Extracting formatted content between two bookmarks and saving it in a new Word document

I have a large word document with many chapters. Each chapter is surrounded by a Start and an End Bookmark. I need to break up this large document into many Word documents each of which would contain a separate chapter. The content has graphs, images, and visio graphs. The text is formatted and in some cases colored. In other words, I need to preserve the originality of the content in each of the new documents. Please let me know how do I do this? Thanks.

Hi
Thanks for your inquiry. Yes, of course you can achieve this using Aspose.Words.
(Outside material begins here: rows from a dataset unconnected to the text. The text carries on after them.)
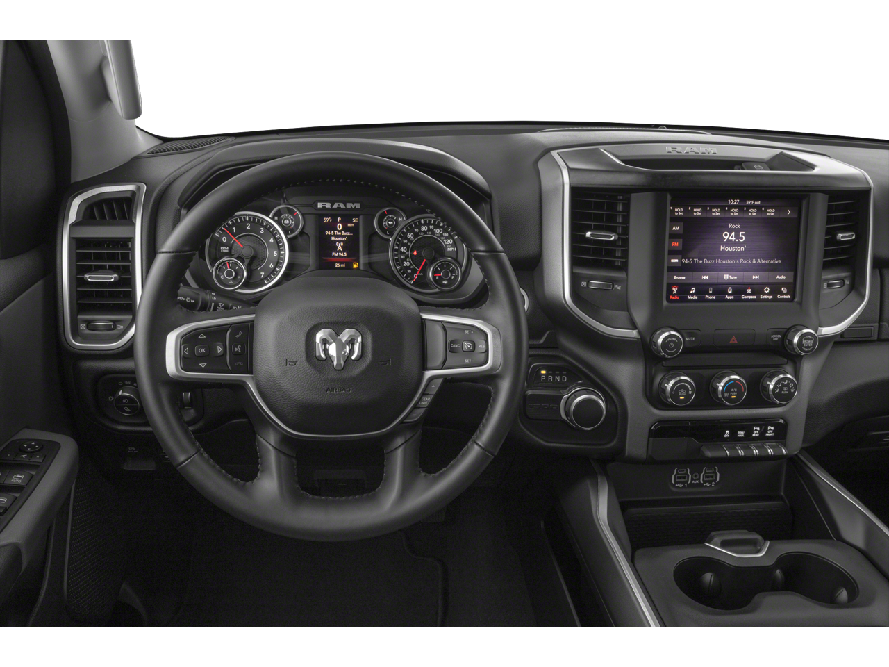 Quick Order Package 27Z Big Horn: Big Horn Badge. Big Horn Level 2 Equipment Group: SiriusXM Radio Service; Uconnect 4 Radio with 8.4" Display; Rear Window Defroster; ParkSense Front/rear Park Assist with Stop; Rear View Auto Dim Mirror; Power Adjustable Pedals; For More Info. Call 800-643-2112; Rear Power Sliding Window; Rear Dome with On/off Switch Lamp; Glove Box Lamp; Power 4-Way Driver Lumbar Adjust; 115V Auxiliary Rear Power Outlet; Media Hub with 2 Charge Only USBs; Power 8-Way Driver Seat; Auto Dim Exterior Driver Mirror; Heated Front Seats; Heated Steering Wheel; Foam Bottle Insert (door Trim Panel); Class IV Receiver Hitch; Security Alarm; Black Premium Power Mirrors; Big Horn Instrument Panel Badge; Remote Start System; SiriusXM Satellite Radio; Exterior Mirrors with Supplemental Signals; Exterior Mirrors Courtesy Lamps; Air Conditioning ATC with Dual Zone Control; 115V Auxiliary Power Outlet; Cluster 7.0" TFT Color Display; Universal Garage Door Opener; Power-Folding Mirrors; 2nd Row in Floor Storage Bins; Sun Visors with Illuminated Vanity Mirrors. Premium Lighting Group: Front LED Fog Lamps; LED Reflector Headlamps; LED Taillamps. Quick Order Package 23Z Big Horn: Big Horn Badge. 20" X 9" Aluminum Chrome Clad Wheels. Deluxe Cloth Bucket Seats. ParkSense Front/rear Park Assist with Stop. Trailer Brake Control. Remote Start System. Rear Wheelhouse Liners. MOPAR Front and Rear Rubber Floor Mats. 115V Auxiliary Power Outlet. Diamond Black Crystal PC. **Equipment listed is based on original vehicle build and subject to change. Please confirm the accuracy of the included equipment by calling the dealer prior to purchase.**
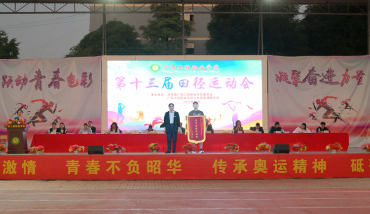 黨委副書記、校長羅艷妮致閉幕詞,并宣布廣西工程職業(yè)學院2024年第十三屆田徑運動會圓滿閉幕。
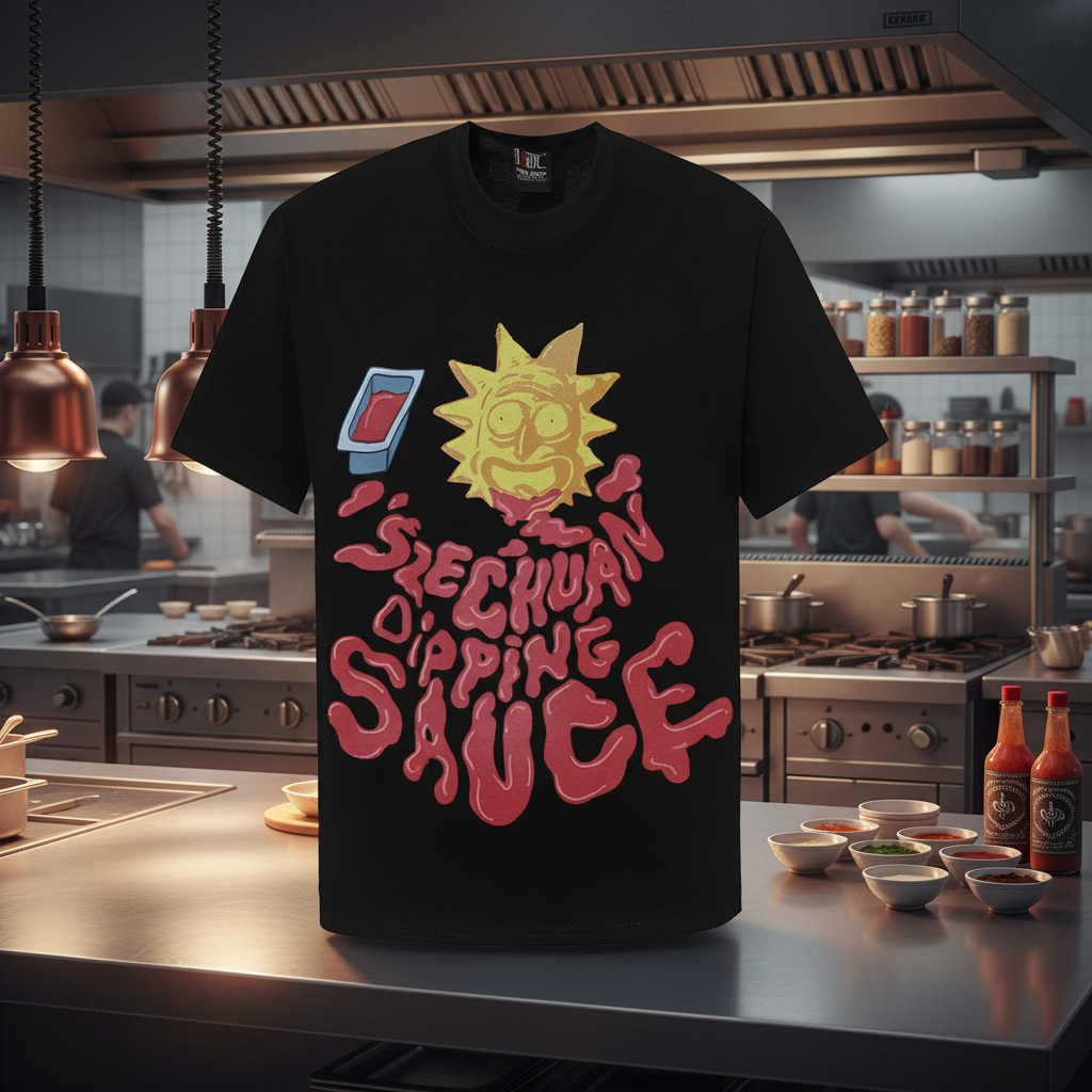 / Tee Jays Black Cotton Tee: Rick Graphic & Szechuan Sauce Streetwear
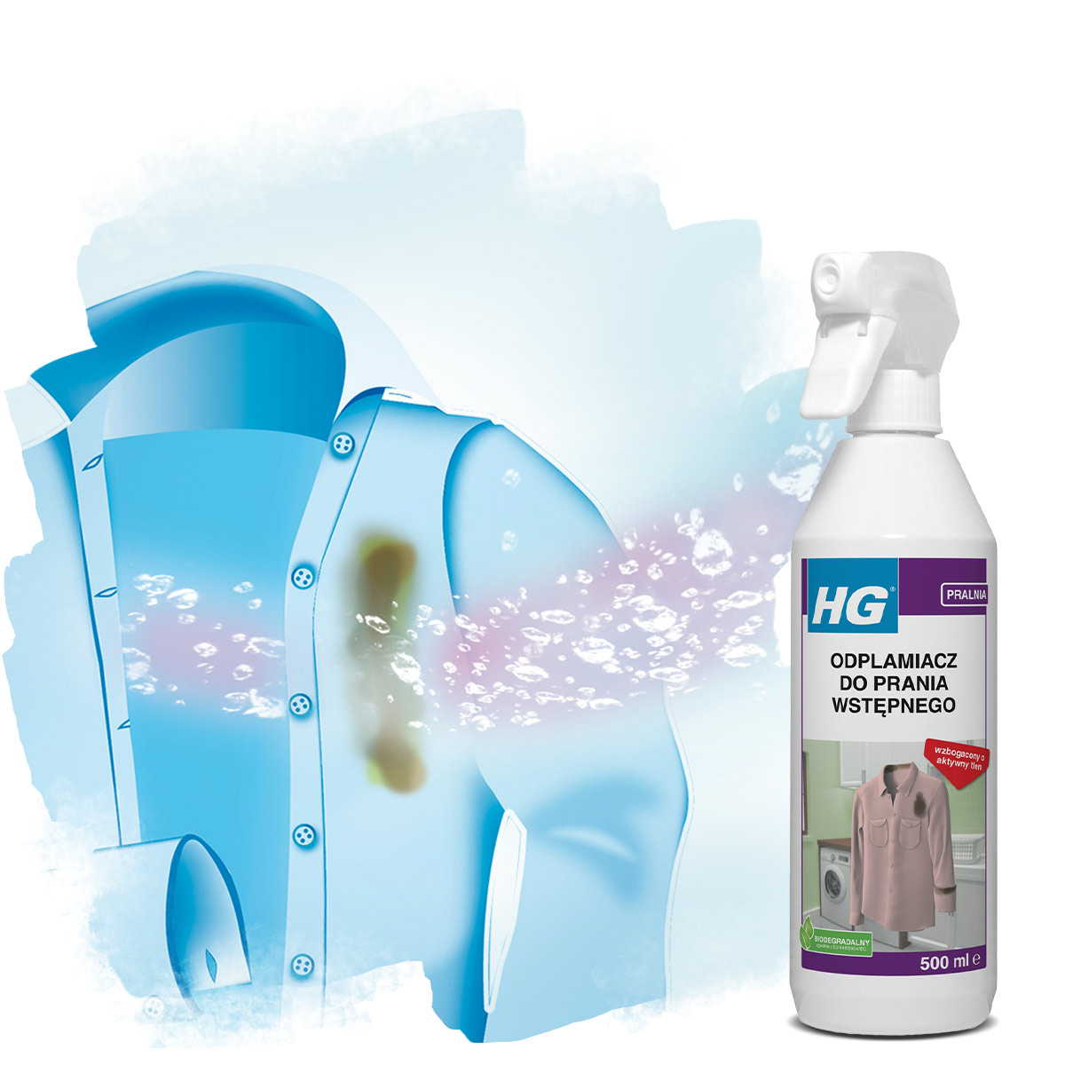 HG odplamiacz do prania wstępnego to produkt, który usunie plamy spowodowane czerwonym winem, herbatą, sokiem owocowym, czekoladą, sosem, szpinakiem, trawą i ziemią.
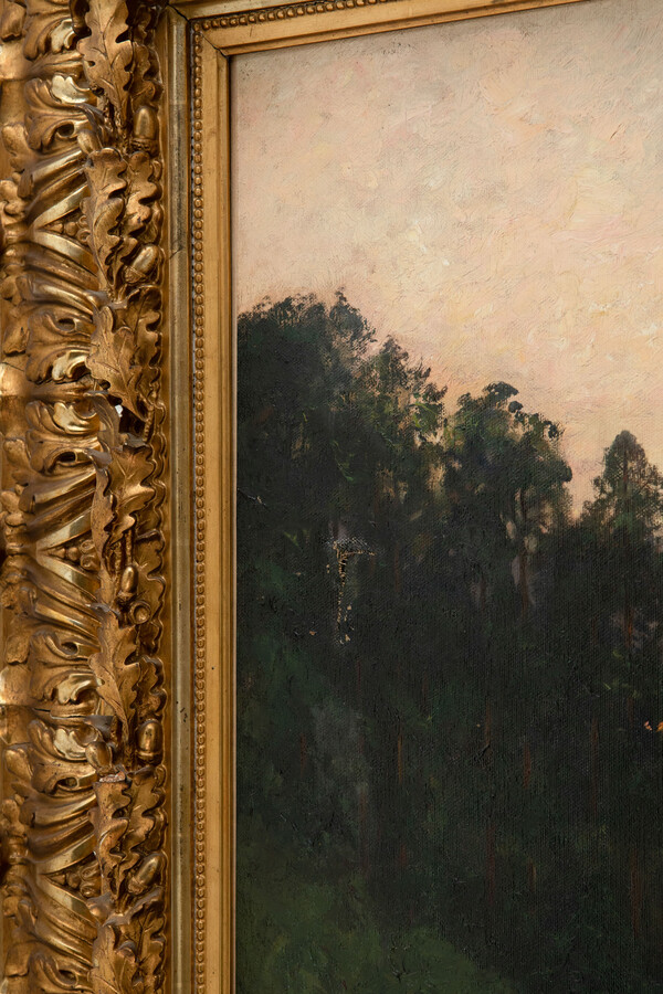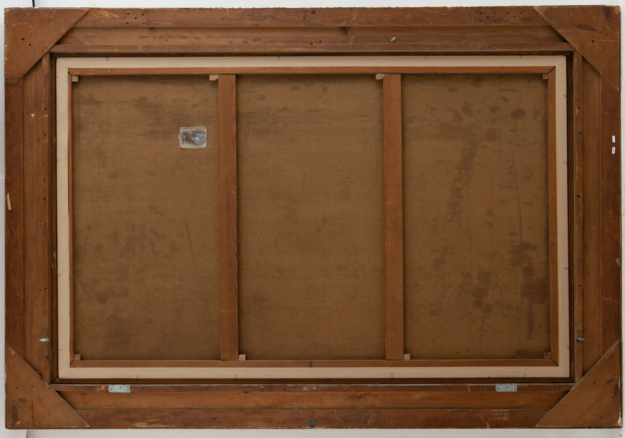 Beautiful and very big Oil on Canvas. One small damage top right and the painting needs a good cleaning. Beautiful gilt gesso-wooden frame
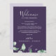 Estas rústicas cartas de bienvenida y tarjetas itinerarias de color morado de lavanda son perfectas para un boda al aire libre sencillo y elegante. El diseño floral incluye hojas de eucaliptos acuáticas y vegetación con brotes de flores violetas sobre un fondo de ciruela morada. La parte delantera de la tarjeta incluye una carta de bienvenida y la parte trasera de la tarjeta incluye el itinerario del boda. Estas notas son perfectas para bodas de destino y bolsos de bienvenida para huéspedes del hotel.

You can find code that deletes all content between bookmarks in the following thread
https://forum.aspose.com/t/102119
I think you can use the same technique to extract content between bookmarks.
Also please provide me your document for testing. If you need I can create sample code for you.
Best regards.

Hi Alexey,
Thank you for your response. Could you please create for me a sample code? Each chapter has a unique start and end bookmark. As I mentioned I need to scrape off everything including the image and the text formatting, etc. I was concerned that the code for deleting the text between bookmarks would not be concerned with the content and its formatting and just select the content between the bookmarks and erase it. That is why I thought to ask you for a sample code. Also I can not send you the original document and creating another one for testing without the original content would not do justice to its complexity. So I have to start with a code that we think is closest to what I need to do and do the testing here myself. Thank you for your help.

Hi
Thanks for your request. I will provide you code example today. It would be great to get your document for testing. You can remove all confidential content from the document of replace this content with dummy data.
Best regards.

Hi
Please see the following link
https://forum.aspose.com/t/107549
I think methods (MergeDocuments and SplitDocuments) could be useful in your case.
Best regards.

Hi Alexey,
Thak you for your response. I looked at the link content but it did not make it any easier. What I am trying to do is to replace Word with Aspose.Word and our current function to split the document is as is pasted in here. May be the best is to try to translate this Microsoft Word API to Aspose Word API. Can you please take a look at it and try to translate it to Aspose? Please also note that Microsft Word automaticaly inserts the reserved Bookmarks “\StartofDoc” and “\EndofDoc” which we would not have in the Aspose Word. This code is in VB6 which we are also converting to VB.NET. Thanks.

Function SplitDocument()

' ******************************************
' SPLIT RCVD FILE
' ******************************************

' Get RCVD file name
returnCheck = getRCVDFileName

' Get RCVD file path
returnCheck = getRCVDFilePath
If returnCheck = False Then
SplitDocument= False
Exit Function
End If

' Load Word (hidden)
LoadWord

' Number of link documents
docCount = mSplitDocs.Count

' Loop through all link documents
For SplitDocInd = 1 To docCount

' Open RCVD File
Set objDoc = objWord.Documents.Open(FileName:=mRCVDFilePath)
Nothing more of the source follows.